Dugaan Manipulasi Amdal dan Perpanjangan SHP oleh Oknum Camat, SBI Desak Penegak Hukum Usut Tuntas

Dugaan Manipulasi Amdal dan Perpanjangan SHP oleh Oknum Camat, SBI Desak Penegak Hukum Usut Tuntas



 CIREBON — Dugaan keterlibatan oknum Camat Gempol dalam manipulasi dokumen terkait analisis mengenai dampak lingkungan (Amdal) dan perpanjangan Surat Hak Pengelolaan (SHP) PT Indocement Tunggal Prakarsa Tbk menuai sorotan. Pemimpin Redaksi Sahabat Bhayangkara Indonesia (SBI), Agung Sulistio, mengecam keras tindakan yang dinilai mencederai integritas aparatur negara dan transparansi pemerintahan desa.

Informasi yang diperoleh SBI menyebutkan, Camat Gempol bersama tim legal PT Indocement mendatangi kediaman Subhan, Kuwu Desa Palimanan Barat. Dalam pertemuan itu, mereka membawa dokumen berjudul “Peningkatan Produksi dan Amdal” dengan dalih hasil rapat daring bersama desa-desa lain. Penggunaan istilah tersebut diduga menjadi cara untuk mendorong penandatanganan dokumen tanpa penjelasan mendetail terkait implikasi hukumnya.

Beberapa waktu setelah pertemuan tersebut, Subhan mendengar kabar bahwa PT Indocement telah memperpanjang SHP tanpa sepengetahuan pihak desa. Merasa janggal, ia kemudian menghubungi Camat Gempol untuk meminta klarifikasi.

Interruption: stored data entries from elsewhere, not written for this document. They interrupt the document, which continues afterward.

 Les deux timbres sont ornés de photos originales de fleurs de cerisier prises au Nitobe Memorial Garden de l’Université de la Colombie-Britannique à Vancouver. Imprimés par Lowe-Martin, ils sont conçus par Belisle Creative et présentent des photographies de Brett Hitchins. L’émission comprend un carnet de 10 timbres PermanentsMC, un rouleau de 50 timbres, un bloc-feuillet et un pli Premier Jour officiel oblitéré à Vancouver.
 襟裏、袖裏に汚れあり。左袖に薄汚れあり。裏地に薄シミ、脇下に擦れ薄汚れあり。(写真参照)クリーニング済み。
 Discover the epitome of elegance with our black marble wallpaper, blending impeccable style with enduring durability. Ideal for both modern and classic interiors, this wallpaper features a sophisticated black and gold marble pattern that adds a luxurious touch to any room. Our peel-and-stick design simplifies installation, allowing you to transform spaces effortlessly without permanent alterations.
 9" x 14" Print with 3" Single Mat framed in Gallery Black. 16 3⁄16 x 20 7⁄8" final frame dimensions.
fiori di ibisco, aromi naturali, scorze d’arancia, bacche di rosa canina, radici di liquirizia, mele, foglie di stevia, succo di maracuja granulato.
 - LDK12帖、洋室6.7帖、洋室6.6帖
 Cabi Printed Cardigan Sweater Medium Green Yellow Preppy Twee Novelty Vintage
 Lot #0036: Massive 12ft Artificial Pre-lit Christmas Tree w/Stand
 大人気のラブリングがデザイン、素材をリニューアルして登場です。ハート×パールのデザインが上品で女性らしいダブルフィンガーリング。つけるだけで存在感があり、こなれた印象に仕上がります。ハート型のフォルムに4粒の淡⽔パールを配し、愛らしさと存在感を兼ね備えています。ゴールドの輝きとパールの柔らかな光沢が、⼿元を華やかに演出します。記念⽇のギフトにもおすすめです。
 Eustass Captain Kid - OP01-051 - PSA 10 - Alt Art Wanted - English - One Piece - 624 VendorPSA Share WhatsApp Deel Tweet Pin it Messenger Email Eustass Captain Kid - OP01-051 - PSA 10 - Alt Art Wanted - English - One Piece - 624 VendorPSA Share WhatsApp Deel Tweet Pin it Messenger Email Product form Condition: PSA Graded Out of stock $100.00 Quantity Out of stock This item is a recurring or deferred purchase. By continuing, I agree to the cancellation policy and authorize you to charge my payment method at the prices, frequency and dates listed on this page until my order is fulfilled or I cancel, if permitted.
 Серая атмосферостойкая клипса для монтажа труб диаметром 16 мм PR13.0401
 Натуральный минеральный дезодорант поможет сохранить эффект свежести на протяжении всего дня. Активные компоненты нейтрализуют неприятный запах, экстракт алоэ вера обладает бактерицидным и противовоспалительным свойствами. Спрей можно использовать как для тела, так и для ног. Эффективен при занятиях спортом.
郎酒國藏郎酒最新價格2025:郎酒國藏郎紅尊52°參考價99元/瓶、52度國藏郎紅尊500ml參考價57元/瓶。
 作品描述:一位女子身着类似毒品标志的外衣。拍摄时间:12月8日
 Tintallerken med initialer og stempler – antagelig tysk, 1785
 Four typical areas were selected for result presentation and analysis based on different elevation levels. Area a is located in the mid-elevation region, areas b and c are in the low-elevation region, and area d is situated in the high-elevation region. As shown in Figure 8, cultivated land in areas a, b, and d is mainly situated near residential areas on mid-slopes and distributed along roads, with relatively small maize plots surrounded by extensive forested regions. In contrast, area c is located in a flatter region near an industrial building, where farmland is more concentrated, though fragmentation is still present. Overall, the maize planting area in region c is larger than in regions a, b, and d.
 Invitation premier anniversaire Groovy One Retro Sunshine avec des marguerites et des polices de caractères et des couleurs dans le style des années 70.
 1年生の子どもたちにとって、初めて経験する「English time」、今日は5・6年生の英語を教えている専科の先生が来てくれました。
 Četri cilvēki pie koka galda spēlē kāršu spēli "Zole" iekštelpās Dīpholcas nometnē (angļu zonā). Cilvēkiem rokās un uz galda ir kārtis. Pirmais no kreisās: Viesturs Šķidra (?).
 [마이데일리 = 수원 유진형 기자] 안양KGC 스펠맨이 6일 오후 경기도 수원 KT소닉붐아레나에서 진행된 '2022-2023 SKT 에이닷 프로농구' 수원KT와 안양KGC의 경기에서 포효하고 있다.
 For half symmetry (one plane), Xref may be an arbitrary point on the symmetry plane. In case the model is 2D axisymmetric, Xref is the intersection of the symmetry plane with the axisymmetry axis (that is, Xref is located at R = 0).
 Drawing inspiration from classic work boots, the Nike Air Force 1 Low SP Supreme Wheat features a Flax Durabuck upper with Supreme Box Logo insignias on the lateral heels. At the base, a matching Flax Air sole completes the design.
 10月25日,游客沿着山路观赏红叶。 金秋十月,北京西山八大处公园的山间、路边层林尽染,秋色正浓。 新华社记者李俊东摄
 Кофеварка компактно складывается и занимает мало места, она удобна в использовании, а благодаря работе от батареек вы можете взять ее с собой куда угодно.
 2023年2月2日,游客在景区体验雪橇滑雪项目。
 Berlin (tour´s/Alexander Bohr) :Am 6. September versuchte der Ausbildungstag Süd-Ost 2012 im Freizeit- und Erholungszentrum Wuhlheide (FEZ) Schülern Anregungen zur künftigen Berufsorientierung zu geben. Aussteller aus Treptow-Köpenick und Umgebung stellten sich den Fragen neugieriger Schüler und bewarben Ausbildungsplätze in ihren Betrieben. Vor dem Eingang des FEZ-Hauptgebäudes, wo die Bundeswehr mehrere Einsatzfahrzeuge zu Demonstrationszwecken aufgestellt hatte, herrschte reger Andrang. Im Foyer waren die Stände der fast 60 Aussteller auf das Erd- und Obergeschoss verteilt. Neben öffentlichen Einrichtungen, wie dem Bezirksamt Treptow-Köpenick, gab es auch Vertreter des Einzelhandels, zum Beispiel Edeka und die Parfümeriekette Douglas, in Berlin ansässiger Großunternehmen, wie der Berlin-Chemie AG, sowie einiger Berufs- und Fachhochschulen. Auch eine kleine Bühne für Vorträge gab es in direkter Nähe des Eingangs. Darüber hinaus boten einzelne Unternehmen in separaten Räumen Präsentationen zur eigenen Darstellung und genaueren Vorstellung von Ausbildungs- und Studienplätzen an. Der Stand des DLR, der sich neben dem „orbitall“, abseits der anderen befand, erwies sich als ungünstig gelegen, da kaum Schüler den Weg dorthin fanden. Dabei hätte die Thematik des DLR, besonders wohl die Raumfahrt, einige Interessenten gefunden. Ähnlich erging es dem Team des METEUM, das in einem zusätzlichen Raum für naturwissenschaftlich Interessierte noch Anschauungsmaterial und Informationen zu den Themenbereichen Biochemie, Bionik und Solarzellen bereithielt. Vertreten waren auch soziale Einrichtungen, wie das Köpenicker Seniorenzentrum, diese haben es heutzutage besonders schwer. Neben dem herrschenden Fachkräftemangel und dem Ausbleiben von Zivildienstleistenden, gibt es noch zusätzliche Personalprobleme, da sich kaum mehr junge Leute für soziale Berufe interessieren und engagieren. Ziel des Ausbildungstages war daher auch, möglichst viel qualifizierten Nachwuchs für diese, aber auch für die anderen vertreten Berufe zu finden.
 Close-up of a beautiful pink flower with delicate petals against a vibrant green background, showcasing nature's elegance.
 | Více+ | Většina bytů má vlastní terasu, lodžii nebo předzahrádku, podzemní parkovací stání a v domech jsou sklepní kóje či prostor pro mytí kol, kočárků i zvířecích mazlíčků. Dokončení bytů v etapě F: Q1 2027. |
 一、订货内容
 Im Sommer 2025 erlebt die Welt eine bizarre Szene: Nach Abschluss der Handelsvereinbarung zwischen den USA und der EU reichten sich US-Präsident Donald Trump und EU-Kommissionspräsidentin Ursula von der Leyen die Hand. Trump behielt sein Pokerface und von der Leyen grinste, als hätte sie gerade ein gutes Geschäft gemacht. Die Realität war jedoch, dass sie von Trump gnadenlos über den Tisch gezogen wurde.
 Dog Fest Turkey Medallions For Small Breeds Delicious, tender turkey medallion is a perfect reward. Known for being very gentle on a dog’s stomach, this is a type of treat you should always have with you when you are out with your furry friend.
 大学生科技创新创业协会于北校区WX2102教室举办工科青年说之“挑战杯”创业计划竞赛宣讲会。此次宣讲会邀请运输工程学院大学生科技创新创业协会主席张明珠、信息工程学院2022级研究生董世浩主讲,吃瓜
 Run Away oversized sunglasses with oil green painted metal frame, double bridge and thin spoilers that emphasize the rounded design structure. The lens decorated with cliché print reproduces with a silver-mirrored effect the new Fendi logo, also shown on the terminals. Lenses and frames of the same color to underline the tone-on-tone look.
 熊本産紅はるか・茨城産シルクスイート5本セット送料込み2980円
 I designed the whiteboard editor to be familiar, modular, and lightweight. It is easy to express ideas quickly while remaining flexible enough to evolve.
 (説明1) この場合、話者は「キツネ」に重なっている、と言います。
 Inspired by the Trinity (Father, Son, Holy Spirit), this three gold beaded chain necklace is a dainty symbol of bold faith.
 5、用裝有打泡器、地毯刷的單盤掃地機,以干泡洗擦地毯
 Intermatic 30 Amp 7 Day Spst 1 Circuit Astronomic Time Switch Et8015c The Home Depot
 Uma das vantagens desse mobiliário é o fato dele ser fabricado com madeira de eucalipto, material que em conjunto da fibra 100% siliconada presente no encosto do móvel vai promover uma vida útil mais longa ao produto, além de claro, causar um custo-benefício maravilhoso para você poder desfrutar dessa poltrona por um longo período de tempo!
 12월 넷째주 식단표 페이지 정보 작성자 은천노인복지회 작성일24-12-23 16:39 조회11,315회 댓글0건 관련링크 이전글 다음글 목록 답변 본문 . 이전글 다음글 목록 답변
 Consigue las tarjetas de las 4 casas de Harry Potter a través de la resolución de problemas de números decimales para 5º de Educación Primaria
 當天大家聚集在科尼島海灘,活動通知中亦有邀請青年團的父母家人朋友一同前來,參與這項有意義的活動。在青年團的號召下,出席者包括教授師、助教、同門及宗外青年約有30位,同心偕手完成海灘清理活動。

Namun, tanggapan camat justru memicu kecurigaan lantaran mengarah pada pertemuan tertutup di Rumah Makan Kharisma, dengan permintaan agar Subhan hadir seorang diri.

Mencium adanya kejanggalan, Subhan memutuskan membawa saksi, yaitu H. Mustani, untuk memastikan proses pertemuan berlangsung terbuka dan objektif. Langkah ini memunculkan dugaan kuat adanya upaya tekanan dan ketidaktransparanan dalam proses administratif yang seharusnya melibatkan musyawarah desa.

Dari perspektif hukum pertanahan, setiap perpanjangan SHP wajib merujuk pada Undang-Undang Pokok Agraria dan peraturan pelaksanaannya, serta melibatkan persetujuan masyarakat atau pemerintah desa sebagai pemilik kewenangan wilayah. Jika terbukti terdapat manipulasi dokumen atau penyalahgunaan wewenang, unsur pelanggaran pidana sebagaimana diatur dalam Undang-Undang Tindak Pidana Korupsi (Tipikor) dapat terpenuhi. Selain itu, indikasi maladministrasi membuka ruang bagi Ombudsman RI untuk melakukan pemeriksaan lebih lanjut.

“Praktik seperti ini tidak bisa dibiarkan. Kami mendesak aparat penegak hukum, baik kepolisian, kejaksaan, maupun KPK bila diperlukan, untuk turun tangan menyelidiki indikasi rekayasa dokumen dan potensi gratifikasi,” ujar Agung dalam keterangannya.

Agung menambahkan, proses penyusunan Amdal dan peningkatan produksi perusahaan harus dilakukan secara terbuka melalui mekanisme resmi, bukan melalui tekanan tersembunyi atau manipulasi administratif. Menurutnya, pengawasan publik menjadi kunci untuk mencegah praktik penyalahgunaan kewenangan yang merugikan masyarakat desa.

SBI juga mendorong Ombudsman RI agar segera menindaklanjuti laporan ini demi menjaga integritas pemerintahan lokal. Jika terbukti ada intimidasi, manipulasi, atau pelanggaran etik oleh aparat kecamatan maupun pihak perusahaan, langkah hukum harus ditempuh tanpa kompromi.

“Kasus ini menjadi pengingat bahwa pengelolaan sumber daya alam tidak boleh dilakukan dengan cara-cara terselubung. Negara wajib hadir melindungi kepentingan rakyat di atas kepentingan korporasi,” tegas Agung.